The boy watched the old man dig the hole in the road. He rested on his spade. The soil looked dark, wet and heavy. The work was hard. It was obvious to him that when he left school, he did not want this kind of a job.

What did the old man use to dig the hole? Who rested on a spade? Where did the soil come from? Who was a school student? Who did not want this kind of job?

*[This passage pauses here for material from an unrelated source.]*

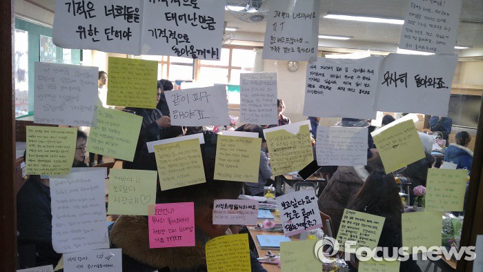 (안산=포커스뉴스) 10일 오후 경기도 안산 단원고 '4.16 기억의 교실'에서 유가족과 시민단체레서마련한세월호 참사 희생학생들을 위한 겨울방학식이 열리고 있다. 안산단원고 세월호 피해자 모임인 4.16 유가족협의회 회원들은12일로 예정된 단원고 졸업식에 불참하는 대신 시민들과 2014년 4월 16일 세월호 참사로 희생된 학생과 교사들이 사용하던 교실과 교무실인 '4.16 기억의 교실'에서 명예 3학년 1반부터 10반 교실까지 자리 앉기, 출석 부르기, 방학식 메시지, 안산분향소 방문 등 순으로 방학식을 진행했다. <사진제공= 이관희사진가>

It is likely that these questions were quick and easy to answer. ¹ However, and perhaps surprisingly, none of the information that is required to enable one to answer the questions is explicitly provided in the text. Instead, readers (quite easily) form a coherent representation of the meaning of the text and correctly answer the questions through the formation of inferences; implicit connections that are critical for comprehension yet go beyond the explicit content of the text. The fact that it is a relatively simple task to answer the questions is a clear indication that readers undertake inferential processing as a matter of course during natural reading. In our example, based on real-world knowledge, we know that spades are often instruments associated with digging, and that an act of digging involves the creation of a hole from which (usually) soil is obtained (though if the event took place on a beach, not a road, then sand rather than soil would likely be obtained). Clearly, readers can rapidly deduce that the old man was using a spade to dig the hole in the road and that the soil must have come out of the newly created hole (Bloom et al., 1990; Haviland & Clark, 1974; Just & Carpenter, 1980). In addition, through the formation of appropriate co-reference relations between the different pronouns (“he,” “him”) and their antecedents that may appear earlier or later in the text (“the boy” and “the old man,” e.g., Cowles & Garnham, 2011; Garnham & Oakhill, 1985; Van Gompel & Liversedge, 2003), readers can compute that the boy was a student at school and did not wish to dig holes in the road in his future life. An important point to make is that upon reading the text and answering the questions, inferential processing occurs so rapidly and automatically that it is usually only after reflection that it even becomes apparent to the reader that none of the information required to answer the questions was provided explicitly in the text. All of the answers generated by the reader were inferred by forming co-reference relations and calling upon existing world knowledge.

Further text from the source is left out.